Official repository for the paper - "Slot Abstractors: Toward Scalable Abstract Visual Reasoning"
- python 3.9.7
- NVIDIA GPU with CUDA 11.0+ capability
- torch==1.13.1
- torchvision==0.14.1
- glob
- PIL==8.4.0
- numpy==1.23.1
- einops==0.4.1
- timm==0.9.5
- opencv-python==4.7.0
- json==2.0.9
First cd art
Then execute python run_art_tasks.py
which trains the slot abstractor on the four ART tasks (same/different (sd), relational-match-to-sample (rmts), distribution-of-3 (dist3), identity rules (idrules)) by running independent jobs for each task, and saves the test accuracy for each task and model run in a txt file.
For example, the saved path for the test accuracy file for same/different task corresponding to model run number 1 would be test/same_diff/m95/slot_attention_random_spatial_heldout_unicodes_resizedcropped_pretrained_frozen_autoencoder_abstractor_scoring/run1.txt
First cd svrt
Generate the SVRT dataset using the instructions in https://github.com/Shanka123/OCRA
Then execute python run_svrt_tasks.py
which trains the slot abstractor on all the 23 SVRT tasks by running independent jobs for each task with 500 and 1000 training samples, and saves the test accuracy for each task in a txt file.
For example, the saved path for the test accuracy file for task number 1, trained with 500 samples would be test/svrt/slot_attention_augmentations_first_more_pretrained_svrt_alltasks_frozen_autoencoder_abstractor_scoring/500/results_problem_1.txt
First cd clevr-art
Generate the CLEVR-ART dataset using the instructions in https://github.com/Shanka123/OCRA
Then execute python run_clevr_tasks.py
which trains the slot abstractor on the CLEVR-ART tasks (relational-match-to-sample (rmts) and identity rules (idrules)) by running independent jobs for each task, and saves the test accuracy for each task and model run in a txt file.

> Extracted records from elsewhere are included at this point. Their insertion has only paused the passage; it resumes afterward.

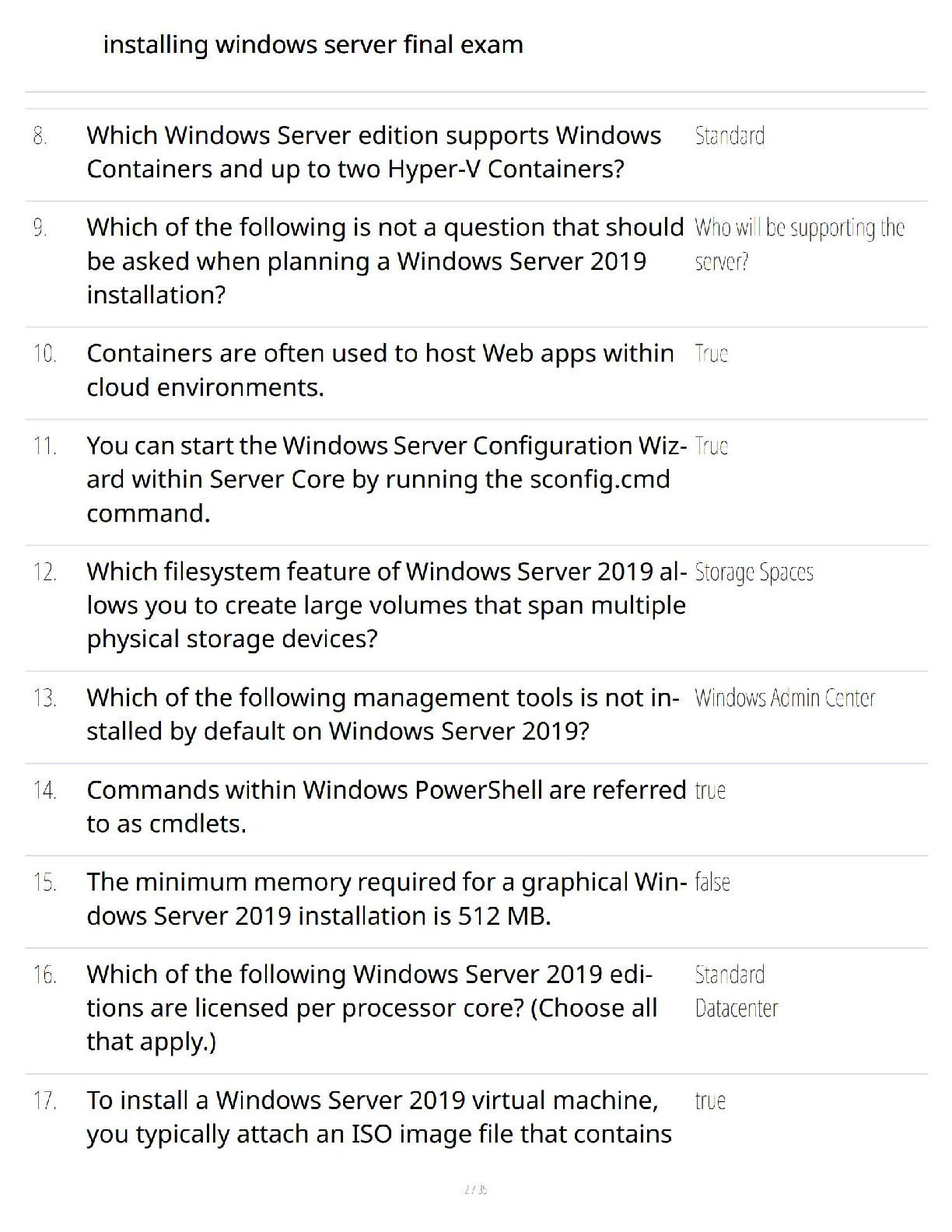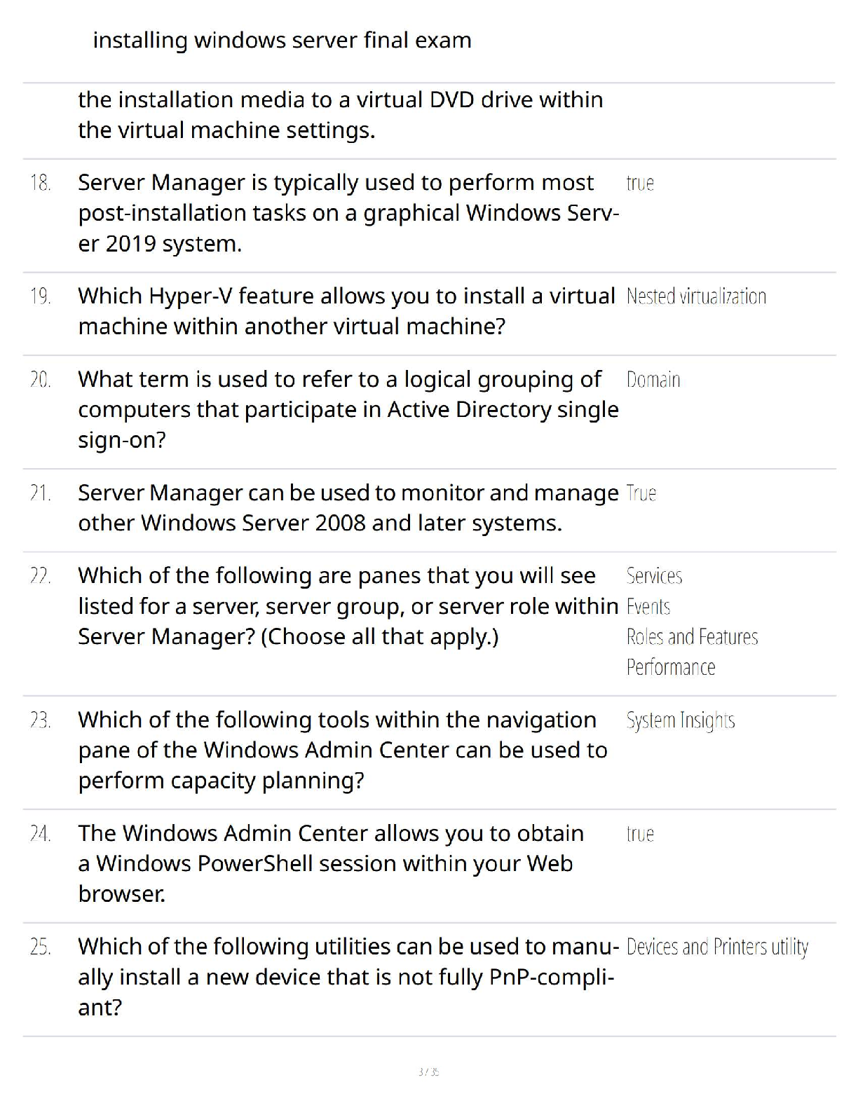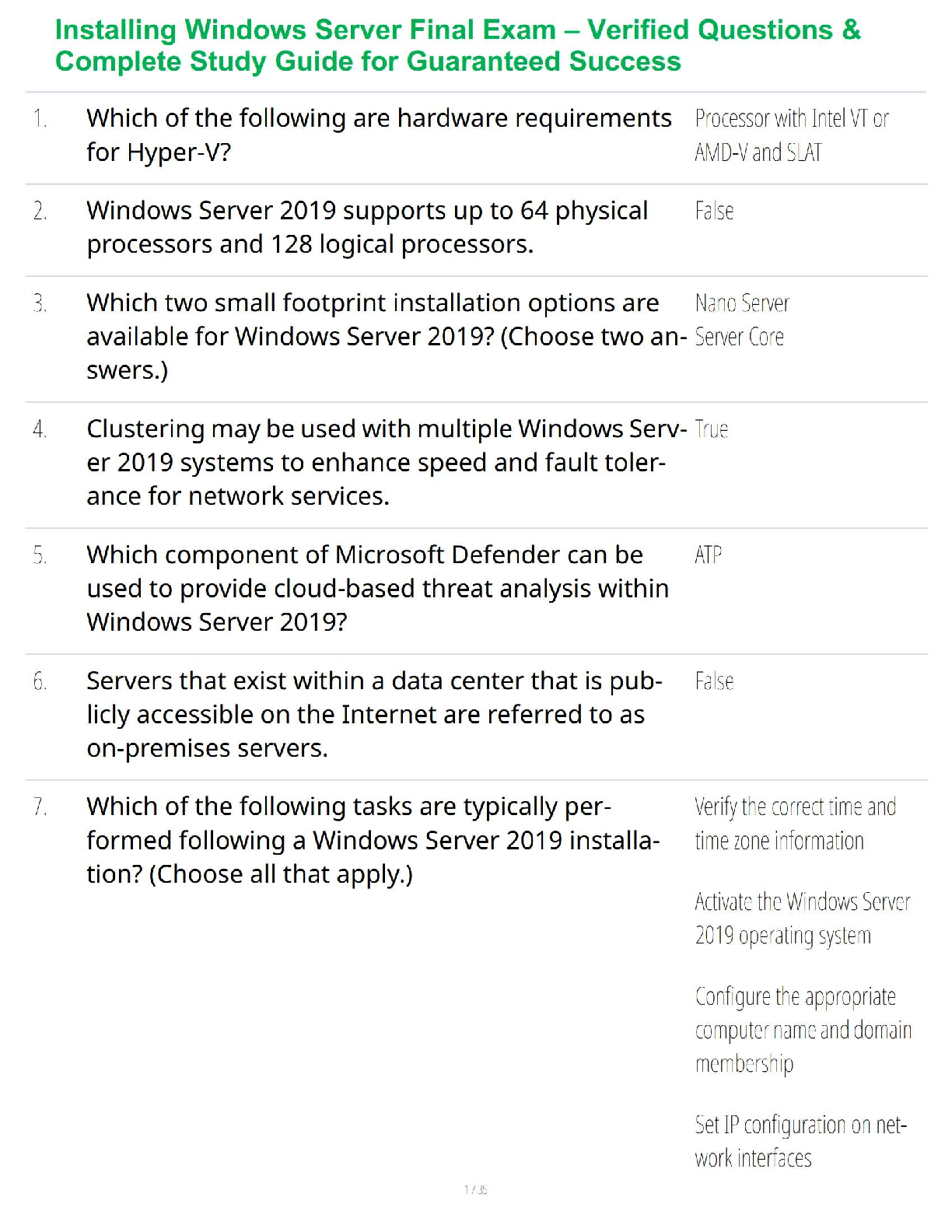 Ace your "Installing Windows Server" final exam with this comprehensive test bank, featuring a complete set of verified questions and detailed answers. This essential study guide covers all key topics, including hardware requirements for Hyper-V, Windows Server 2019 configurations, installation options like Nano Server and Server Core, clustering for high availability, and Microsoft Defender security. Master the post-installation tasks and core concepts to ensure you pass your exam on the first try and avoid costly resits. This is the ultimate resource for guaranteed success in your Windows Server course.
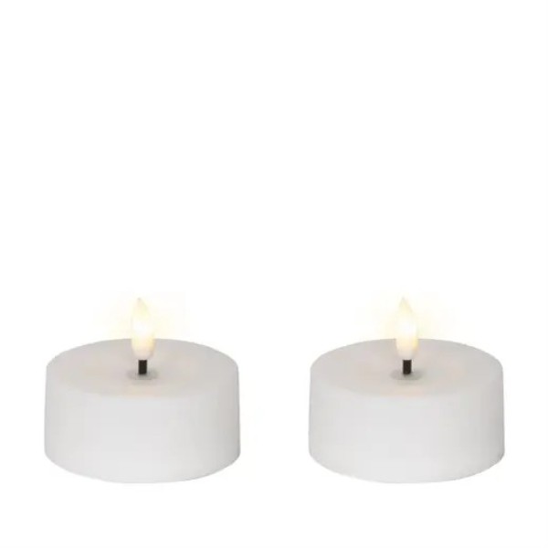 Set de dos velas con luz solar LED, ideales para decorar exteriores como jardines, terrazas o balcones. Funcionan con energía solar, y ofrecen una agradable luz blanca cálida con efecto llama. Medidas de cada vela: 7 cm de diámetro y 3,2 cm de alto.
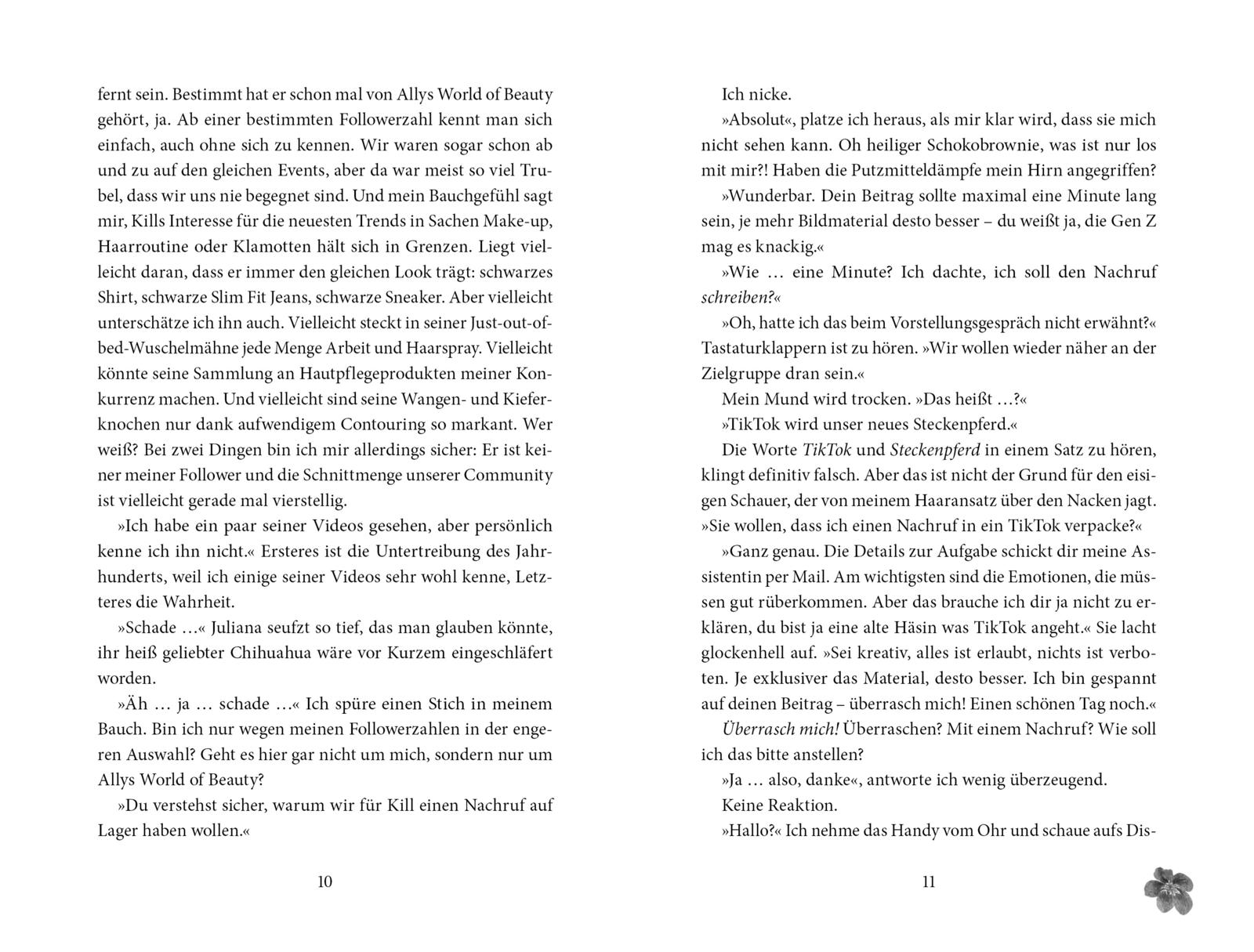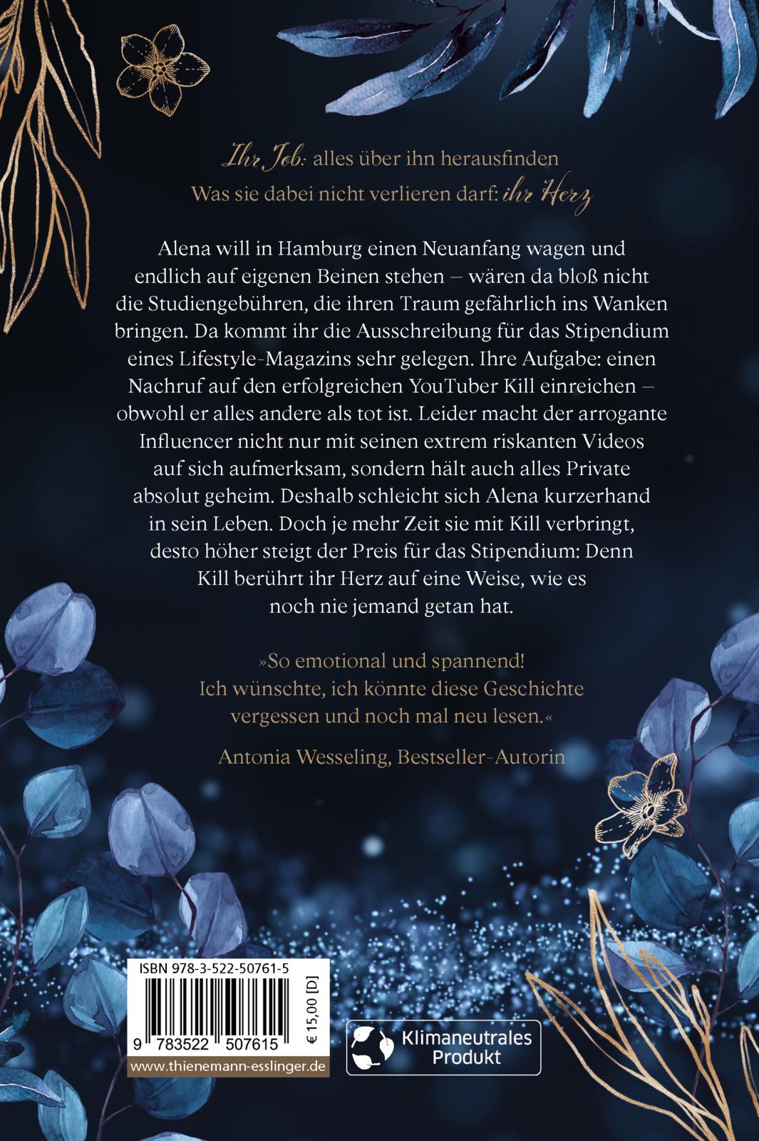 Alena will einen Neuanfang wagen: weg von ihrer toxischen Mutter, endlich auf eigenen Beinen stehen. Um an ihrer Traum-Uni in Hamburg studieren zu können, muss sie für ein Stipendium einen Nachruf über den YouTuber Kill einreichen. Doch der arrogante Mädchenschwarm ist nicht nur unverschämt sexy, sondern auch alles andere als tot. Wobei das niemanden wundern würde, so waghalsig wie er in seinen YouTube-Challenges mit seinem Leben umgeht. Auf der Suche nach seinem dunkelsten Geheimnis, schleicht Alena sich kurzerhand in Kills Leben. Allerdings hat sie nicht mit der Anziehung gerechnet, die ab der ersten Minute zwischen Kill und ihr herrscht. Und je mehr Zeit sie mit ihm verbringt, desto höher steigt der Preis für das Stipendium: Denn dass Alena sich in Kill verliebt, war nie Teil des Plans ...

For example, the saved path for the test accuracy file for relational-match-to-sample task corresponding to model run number 1 would be test/CLEVR_RMTS/slot_attention_random_spatial_clevrshapes_cv2_rgbcolororder_pretrained_frozen_autoencoder_abstractor_scoring/run1.txt
First cd pgm
Create a directory pgm_datasets
and download the dataset in it from https://github.com/google-deepmind/abstract-reasoning-matrices. Also, create a separate directory weights
to save model weights from training.
Then execute sbatch run_train_pgm_job.slurm
which trains the slot abstractor on the extrapolation regime by default. To train on a different regime modify --path
argument on line 23, and the name of the output log file on line 10.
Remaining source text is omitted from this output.